Unions have finally scored a partial victory in persuading the government to close, in part, the loophole in protecting pension benefits when employees transfer from one employer to another under the Transfer of Undertakings (Protection of Employment) Regulations 1981 (TUPE).

TUPE protects the terms and conditions of transferring employees, but excludes conditions relating to old age, invalidity or survivor’s benefits provided under an occupational pension scheme.

The implementation of the Cabinet Office Statement of Practice relating to staff transfers in the public sector, published in 2000, provides protection for employees transferring from local authorities and NHS Trusts. These employees have the right to be provided with the same or broadly comparable pension schemes by their new employer.
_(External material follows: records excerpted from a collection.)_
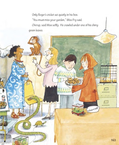 Only Roger’s cricket sat quietly in his box. “You must miss your garden,” Miss Fry said. Chirrup, said Moe softly. He crawled under one of his shiny green leaves. c hi rru p 163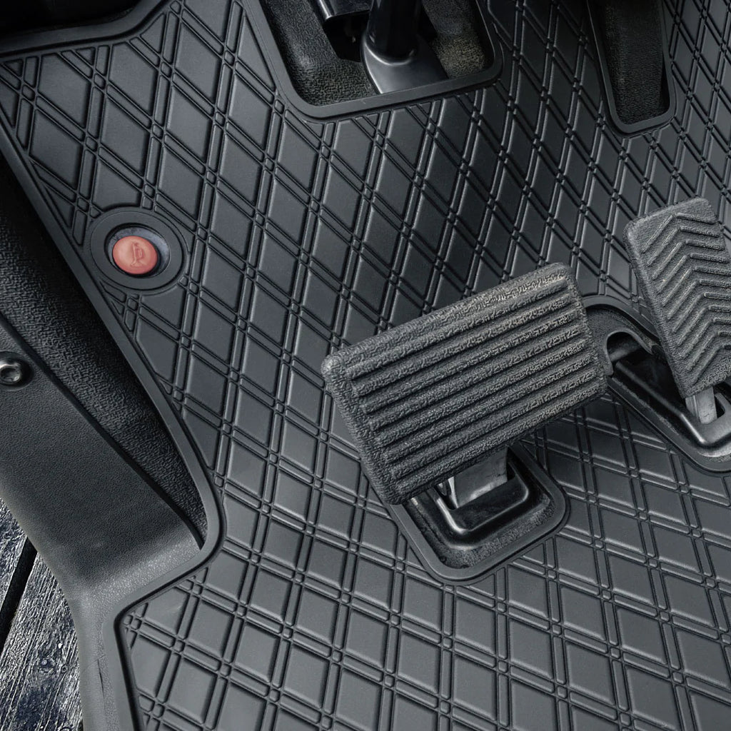 Full floor coverage, high grip surface, laser measured for a perfect fit. Quality 8mm thick mats that protect your floor. Signature diamond pattern to keep water and sand off the top of the mat.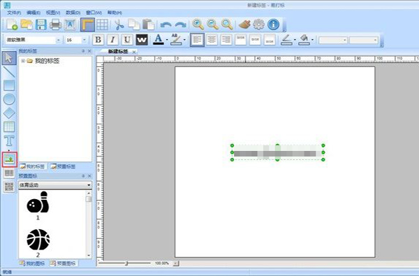 现在我们就可以开始编辑标签的内容了。点击软件主界面左边编辑功能中的文本按钮,就可以打开文本编辑功能,然后用鼠标点击软件主界面的编辑区域,就可以添加文本内容;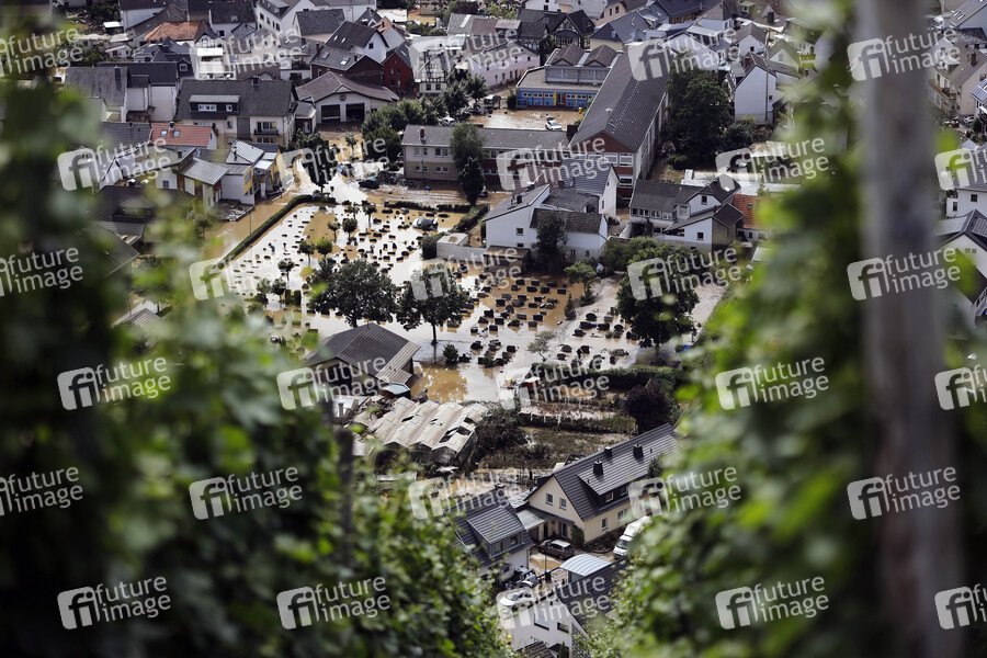 In der Eifel haben heftige Regenfälle und Dauerregen für Überschwemmungen und Überflutungen gesorgt. Im Ahrtal trat der Fluss vielerorts über die Ufer und überschwemmte nicht nur Keller sondern ganze Ortschaften. Im Bild der überspülte Friedhof in dem Ort Dernau (Landkreis Ahrweiler), der beinahe komplett von den Wassermassen geflutet wurde. Viele Menschen verloren alles. Dernau, 15.07.2021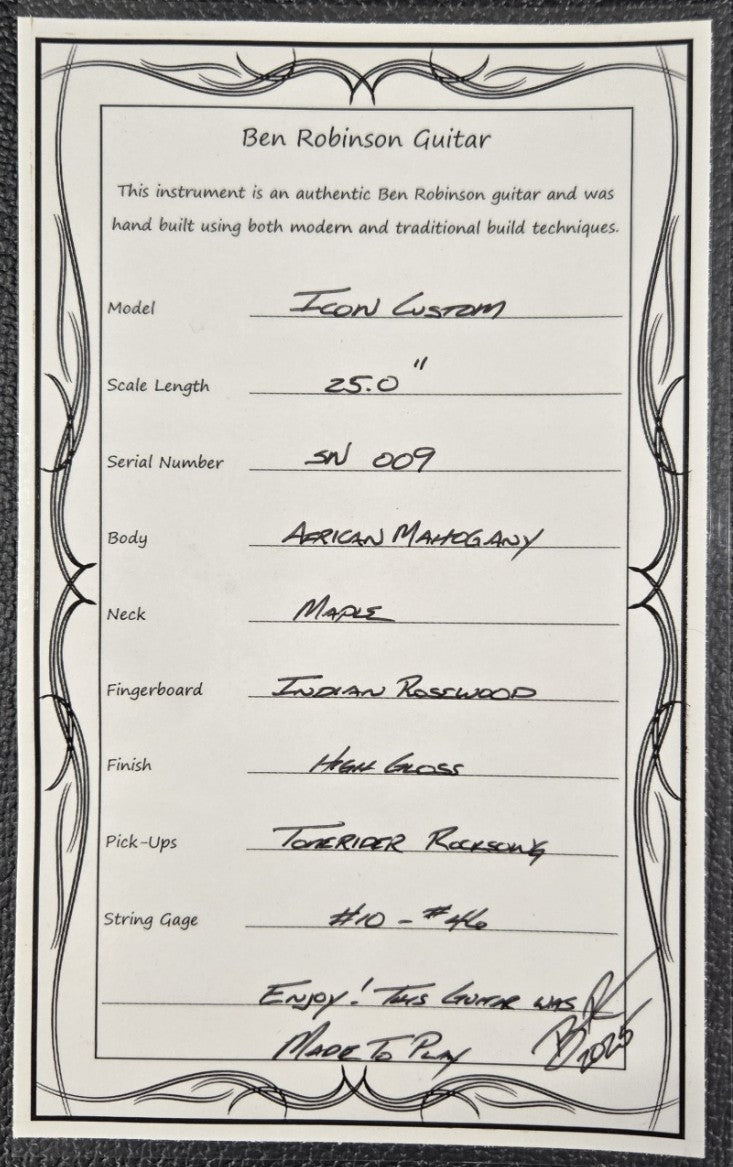 If you love my ICON guitar but you have to have humbuckers with dual volume and dual tone controls, this is the guitar for you! Tonerider Rocksong Pickups give a great vintage / modern mix that is just fantastic. Add in push pull coil split on the tone knobs and you have near infinite tone options. The neck is a fast playing C with some D flair on the fretboard that allows me to roll over the edges giving a great feel and playability. You just have to check this one out - great player and huge tone.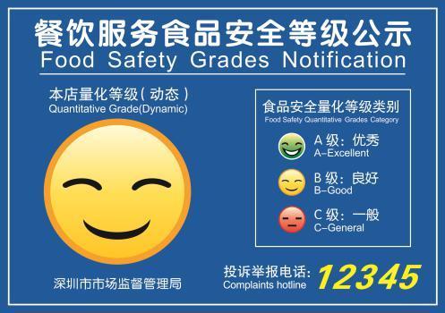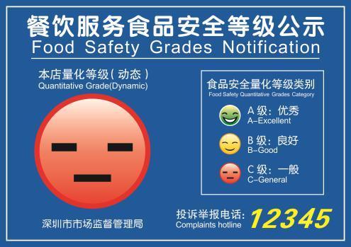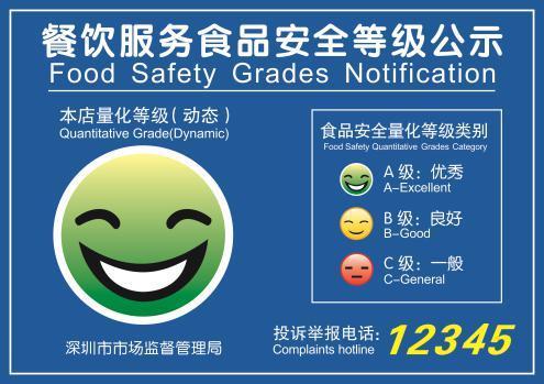 餐饮服务食品安全日常监督检查量化分级实行等级管理,具体分为三个级别,即A级(代表食品安全状况优秀)、B级(代表食品安全状况良好)、C级(代表食品安全状况一般),分别用“大笑”“微笑”“平脸”卡通形象表示。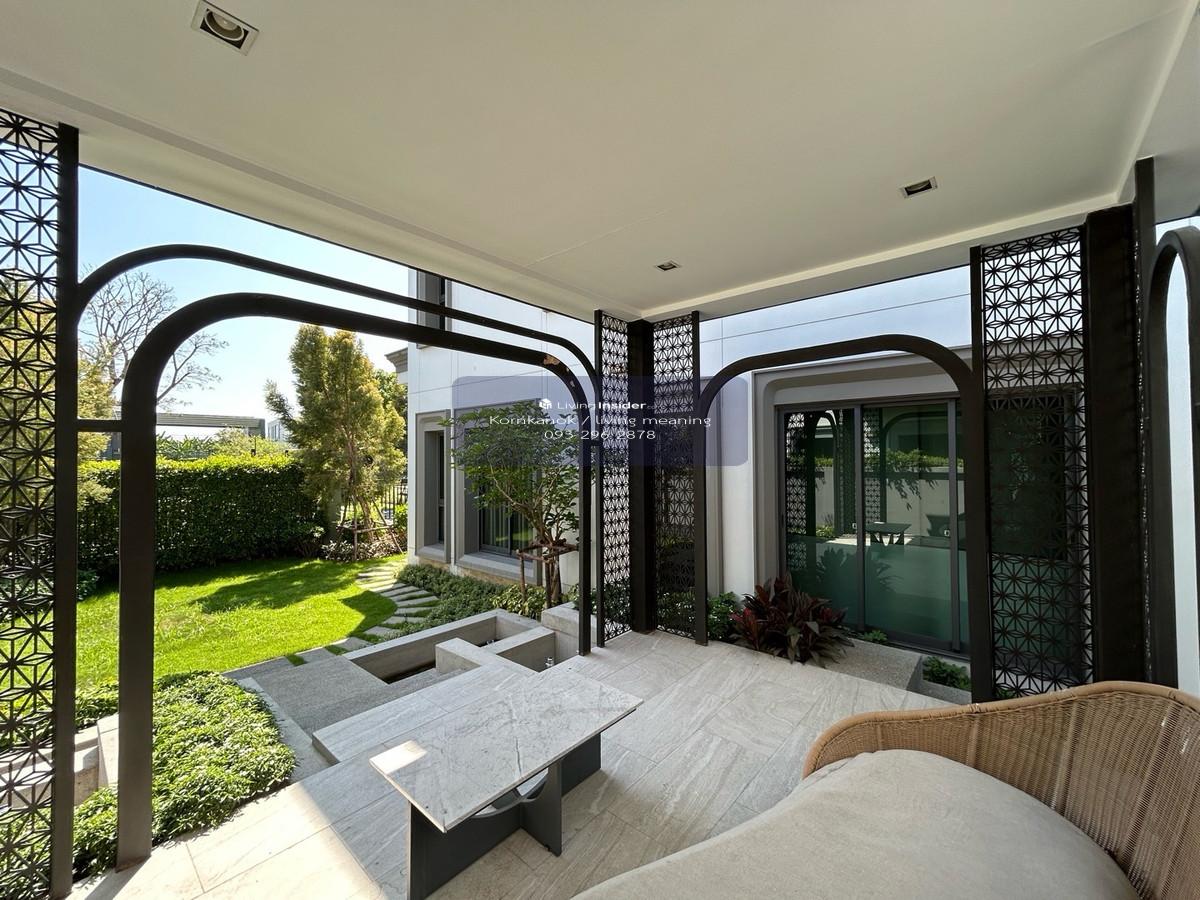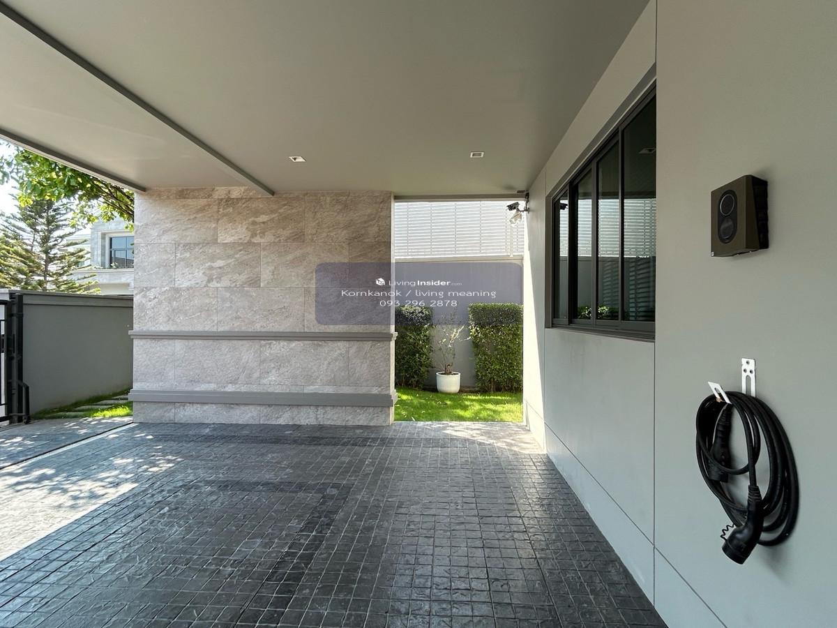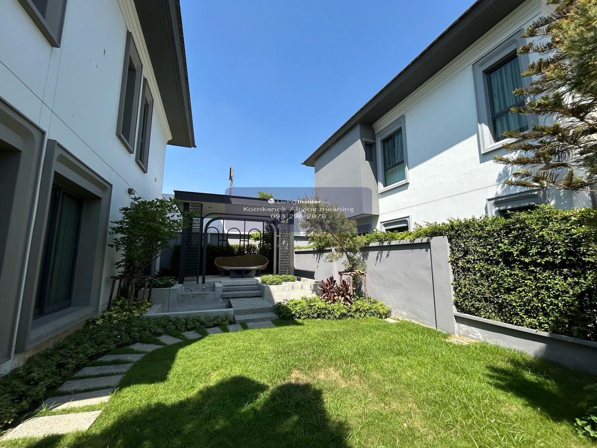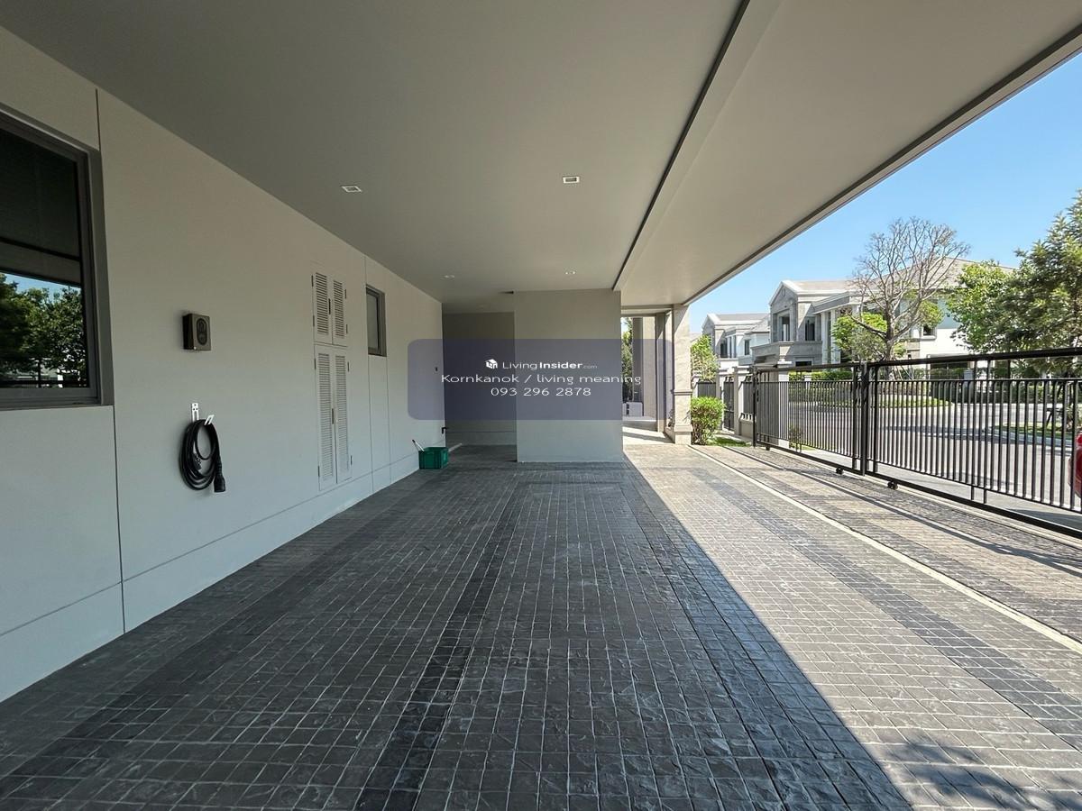 House for rent, Grand Bangkok Boulevard, Sukhumvit Srinakarin Rent 550,000 baht - 5 bedrooms, 6 bathrooms - 2 maids rooms - 5 parking spaces There is a swimming pool in front of the house. Opposite the clubhouse there is a karaoke room that has already been prepared. (There is a swimming pool in the project in front of the house.)

But it is different for employees at housing associations, where unless there are contractual terms that provide otherwise, the new employer can choose what, if any, pension benefits to provide. Under the new Pensions Act 2004 all staff will get greater protection in respect of their pensions.

Under the regulations, to be implemented in April 2005, new employers of private sector staff (including housing associations) must match employee contributions up to 6% of pensionable pay into a money purchase or a stakeholder scheme. The employer can continue, if it chooses, to provide a final salary scheme, but unless the employees have transferred from the public sector (where the principles set out in the Cabinet Office Statement of Practice still apply) there is no obligation on it to do so.

Employees transferring from the public sector remain better protected, but those in private sector organisations can at least take comfort from the fact that if they are in an occupational scheme, their new employer will have to provide minimum pension benefits following the transfer of their employment.